Питер Смит немного расслабился и опустился в одно из удобных кресел. Глотнув виски, он стал смотреть на огонь.

– Вряд ли им удастся осуществить задуманное, – проговорил он. – Я с вами согласен.

– Но я ничего такого не говорила!

– Нет. Но все равно это пустая затея. Ни один латыш или анархист никогда не сможет даже близко подойти к Сталину.

– Ну, не знаю, всегда можно найти какой-нибудь способ. Сколь бы надежной ни была охрана, трудно уберечься от хорошо спланированного покушения. Вот хотя бы царь Александр. Его окружала охрана, но террористы все равно до него добрались.

– Верно. Но в любом случае я не вижу связи между заговором против Сталина и попыткой застрелить вас.

– Здесь есть еще одна подробность, – медленно проговорила Фрина. – Они охотились кое за кем другим. За одним юношей. И застрелили его.

– Он был мертв?

– Само собой.

– И вы их видели. Значит, повод у них все же был. Конечно, они захотели убрать свидетеля. Вы сняли камень с моей души. А то я гадал, не сошли ли с ума мои соотечественники.

– Вот спасибо! Так вы что, одобряете это… убийство?

– Ну, у них должны были быть причины. Может, парнишка оказался большевистским шпионом.

– Вряд ли. Он совсем еще мальчик.

– Когда я был мальчишкой, я вместе с товарищами совершил нападение на рижскую тюрьму, чтобы освободить наших братьев, которые сидели там в заточении. Несколько охранников было убито. И один наш человек тоже.

– И вам удалось скрыться?

– Да. Но пришлось покинуть страну.
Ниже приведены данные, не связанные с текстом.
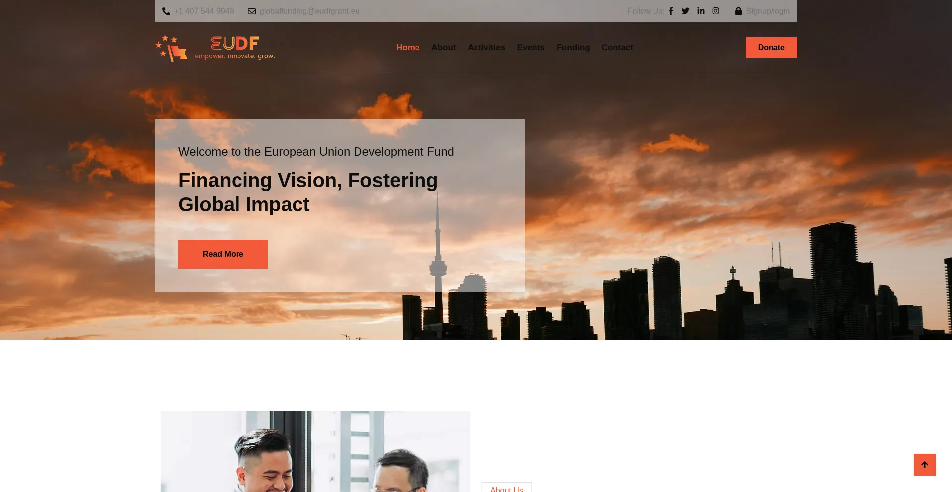 Analysis reveals that fundingeudfglobal.org displays social media icons or links that do not connect to legitimate social media profiles. This deceptive practice is commonly employed to create false legitimacy and represents a significant indicator of fraudulent intent requiring immediate caution.

В ту же ночь в трюме английского парохода-углевоза.

– И вы с тех пор ни разу туда не возвращались?

– Я? Нет. – Питер горько рассмеялся. – как-то не тянуло. Мать и сестру расстреляла тайная полиция. Чего ради мне возвращаться? К тому же у меня есть причины оставаться здесь. J’avais raison.[27] Я тут корни пустил.

Фрина промолчала.

– Но все это случилось давно. С тех пор я много где побывал.

– Эти анархисты – те, которые здесь, – вы их всех знаете?

– Да. Большинство.

– И вам неизвестно, кто был этот юноша и почему его застрелили? А я хочу это узнать, – решительно сказала Фрина. – Мне нет дела до Сталина. И политикой я вообще не интересуюсь. Но до тех двоих я хочу добраться – пусть их судят за убийство. Даже если этот паренек и впрямь большевистский шпион, были и иные способы с ним разобраться, помимо стрельбы. Почему не подыграть ему и не подсунуть ложные сведения? Это же Австралия, мы не можем позволять иностранцам экспортировать сюда революцию. Уж если дойдет до революции, она должна быть местная – австралийская, или ничего не выйдет.

– В этом есть резон, – ответил Смит сдержанно. Калька с французского, догадалась Фрина. – Полиция наверняка располагает всей интересующей вас информацией. Вот пусть сами этим и занимаются.

Фрина устала, и ей не хотелось спорить.

– Возможно, это правильнее всего. Во всяком случае я рада нашей встрече, господин Смит. Надеюсь, мы продолжим наше знакомство. Может, навестите меня через несколько дней? Мы могли бы придумать нечто абсолютно аполитичное. Например, ужин.

– Почту за честь навестить вас еще раз, – учтиво ответил Питер Смит и, приняв из рук хозяйки визитную карточку, откланялся.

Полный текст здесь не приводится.